==== Data shown ====

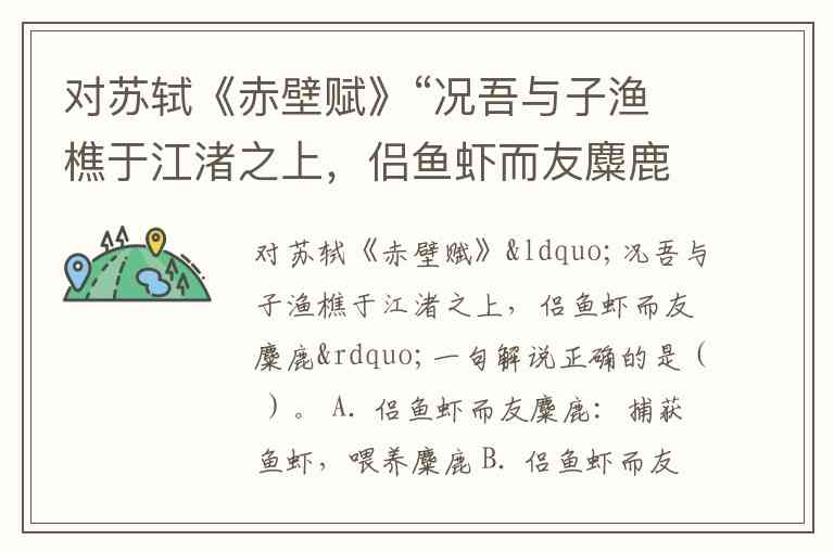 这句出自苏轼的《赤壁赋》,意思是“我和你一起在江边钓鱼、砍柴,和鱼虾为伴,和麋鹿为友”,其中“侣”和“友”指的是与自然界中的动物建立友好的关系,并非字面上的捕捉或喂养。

====
==== Data shown ====

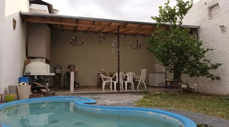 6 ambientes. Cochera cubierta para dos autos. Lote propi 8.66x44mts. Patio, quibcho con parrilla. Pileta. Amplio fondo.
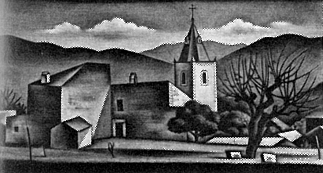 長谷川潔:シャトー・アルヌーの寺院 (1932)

====

▶ **Work to complete**
Look above for the line containing "6 ambientes. Cochera" and the line containing "長谷川潔:シャトー・アルヌーの寺院 (1932)", then reproduce both and everything between them exactly, pictures omitted.

▶ **Your response**
 6 ambientes. Cochera cubierta para dos autos. Lote propi 8.66x44mts. Patio, quibcho con parrilla. Pileta. Amplio fondo.
 長谷川潔:シャトー・アルヌーの寺院 (1932)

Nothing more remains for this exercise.